You can determine the amount of equity you have in your home by subtracting the amount of your mortgage(s) from the current fair market value of the property. As long as your equity is less than the Georgia homestead exemption, then you will be able to protect its equity through bankruptcy. stop foreclosures

Paying Mortgage Arrears

To keep your home after bankruptcy you must get and remain current on your mortgage payments.
If you do not pay your mortgage arrears, your lender will be able to foreclose on your house either after bankruptcy or during bankruptcy if it properly asks the Bankruptcy Court permission to do so.

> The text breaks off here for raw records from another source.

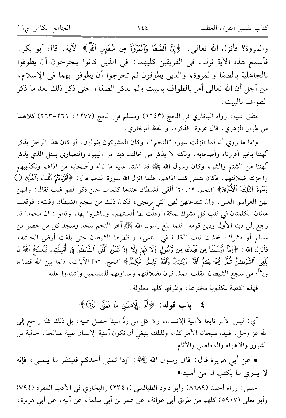 وأما ما روي أنه لما أنزلت سورة "النجم"، وكان المشركون يقولون: لو كان هذا الرجل يذكر آلهتنا بخير أقررناه وأصحابه، ولكنه لا يذكر من خالف دينه من اليهود والنصارى بمثل الذي يذكر آلهتنا من الشتم والشر، وكان رسول الله - صلى الله عليه وسلم - قد اشتد عليه ما ناله وأصحابه من أذاهم وتكذيبهم وأحزنته ضلالتهم، فكان يتمنى كف أذاهم، فلما أنزل الله سورة النجم قال: {أَفَرَأَيْتُمُ اللَّاتَ وَالْعُزَّى (١٩) وَمَنَاةَ الثَّالِثَةَ الْأُخْرَى} [النجم: ١٩، ٢٠] ألقى الشيطان عندها كلمات حين ذكر الطواغيت فقال: وإنهن لهن الغرانيق العلى، وإن شفاعتهن لهي التي ترتجى، فكان ذلك من سجع الشيطان وفتنته، فوقعت هاتان الكلمتان في قلب كل مشرك بمكة، وذلَّت بها ألسنتهم، وتباشروا بها، وقالوا: إن محمدا قد رجع إلى دينه الأول ودين قومه. فلما بلغ رسول الله - صلى الله عليه وسلم - آخر النجم سجد وسجد كل من حضر من مسلم أو مشرك، ففشت تلك الكلمة في الناس، وأظهرها الشيطان حتى بلغت أرض الحبشة، فأنزل الله: {وَمَا أَرْسَلْنَا مِنْ قَبْلِكَ مِنْ رَسُولٍ وَلَا نَبِيٍّ إِلَّا إِذَا تَمَنَّى أَلْقَى الشَّيْطَانُ فِي أُمْنِيَّتِهِ فَيَنْسَخُ اللَّهُ مَا يُلْقِي الشَّيْطَانُ ثُمَّ يُحْكِمُ اللَّهُ آيَاتِهِ وَاللَّهُ عَلِيمٌ حَكِيمٌ} [الحج: ٥٢] الآيات، فلما بين الله قضاءه وبرَّأَه من سجع الشيطان انقلب المشركون بضلالتهم وعداوتهم للمسلمين واشتدوا عليه.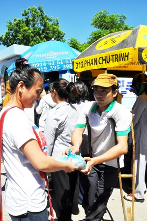 Tại cổng trường, chúng tôi bất ngờ với hình ảnh một thanh niên với đôi nạng gỗ trên tay chạy tới chạy lui trao tận tay đến cho thí sinh những suất cơm chay miễn phí. Anh Quang tâm sự: “Đây là đợt thứ hai của kỳ thi ĐH năm nay mình cùng các phật tử của Hội Phật giáo Tam Kỳ tình nguyện giúp đỡ các bạn thí sinh, cho dù đôi chân của mình không lành lặn như các tình nguyện viên khác, đi lại khó khăn nhưng mình vẫn cố gắng trao tận tay những suất cơm chay đến với thí sinh.”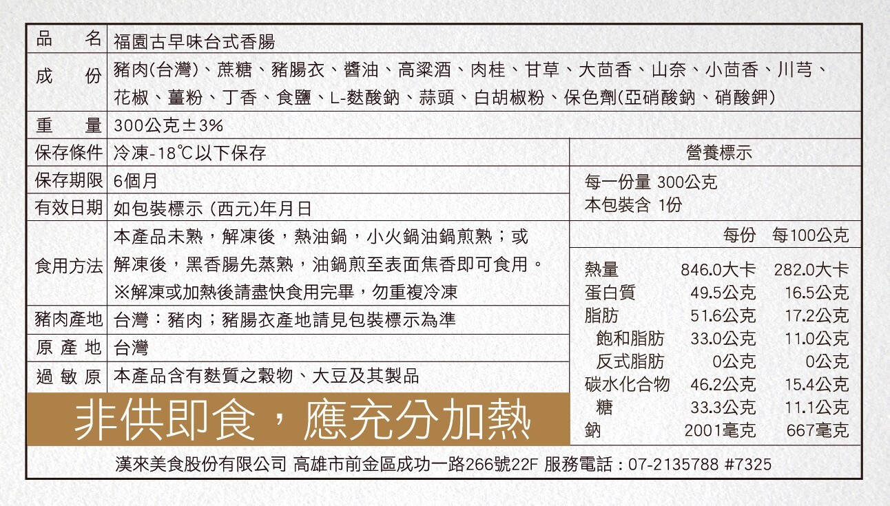 品名:福園古早味台式香腸\特級手工霸王花枝丸\手工霸王魚翅丸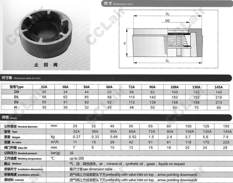 詳細信息 32A,38A,50A,60A,72A,90A,108A,130A,145A,止回閥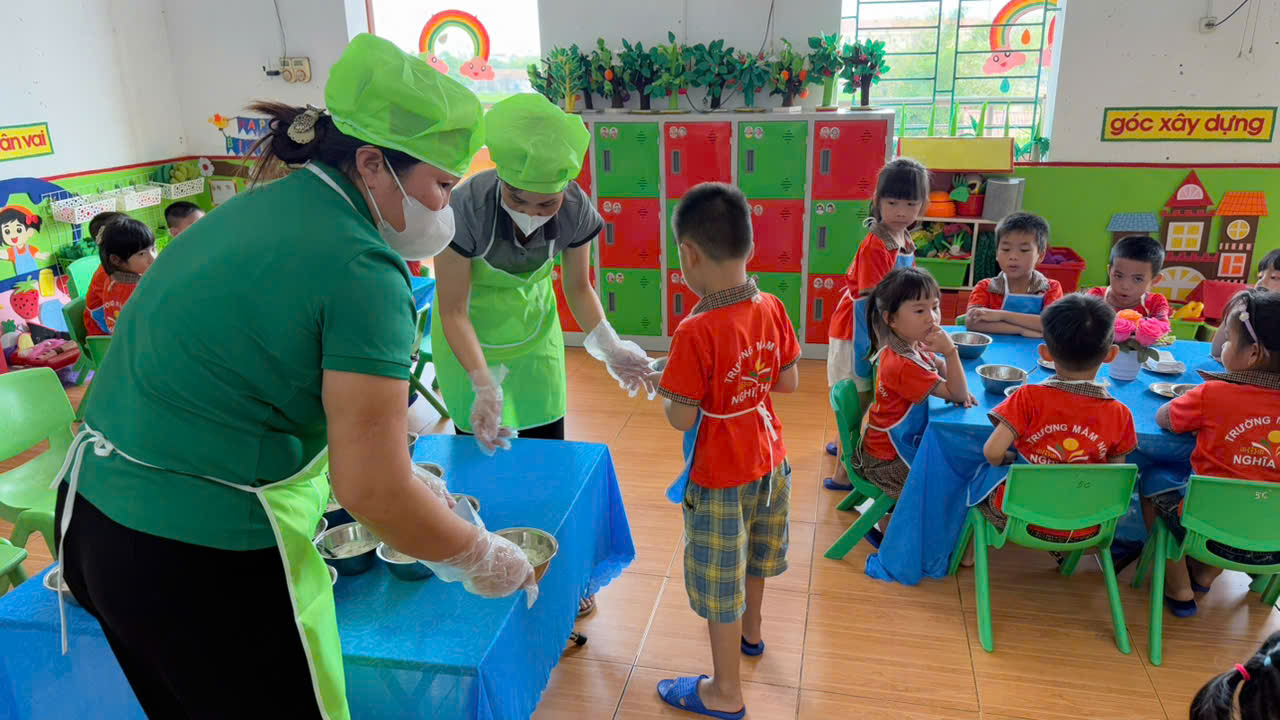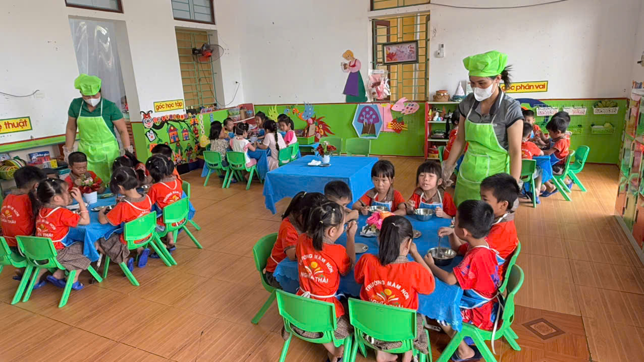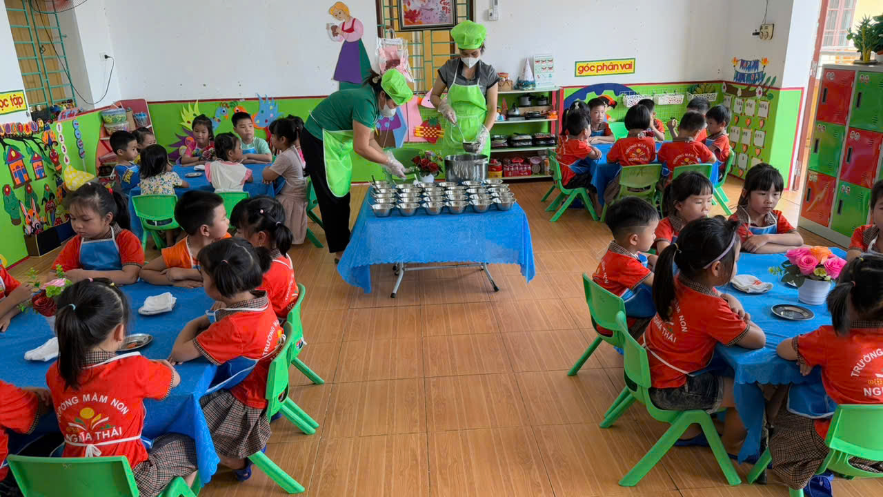 Tại Trường Mầm non Nghĩa Thái, công tác chăm sóc nuôi dưỡng luôn được nhà trường đặc biệt quan tâm, trong đó mỗi bữa ăn của trẻ không chỉ đảm bảo đầy đủ dinh dưỡng mà còn mang đến cho các con niềm vui và sự ấm áp.

Filing for Chapter 7 or 13 will immediately stop a pending foreclosure sale; however, Chapter 13 bankruptcy offers benefits to homeowners that Chapter 7 does not. Chapter 13 creates an opportunity for homeowners to repay mortgage arrears, and in some cases, to “lien strip” (erase) a second mortgage.

Chapter 13 bankruptcy creates a three to five year plan. Homeowners may include missed mortgage payments in their Chapter 13 repayment plan. Only payments missed prior to filing may be included. Mortgage payments missed after the date the case is filed cannot be included in the plan.

We Can Help You Keep Your Home After Bankruptcy

We help hundreds of homeowners just like you keep their homes through bankruptcy each year. But our clients are never just a number. You will not be left in the hands of a paralegal. You will have access to your attorney throughout your bankruptcy case.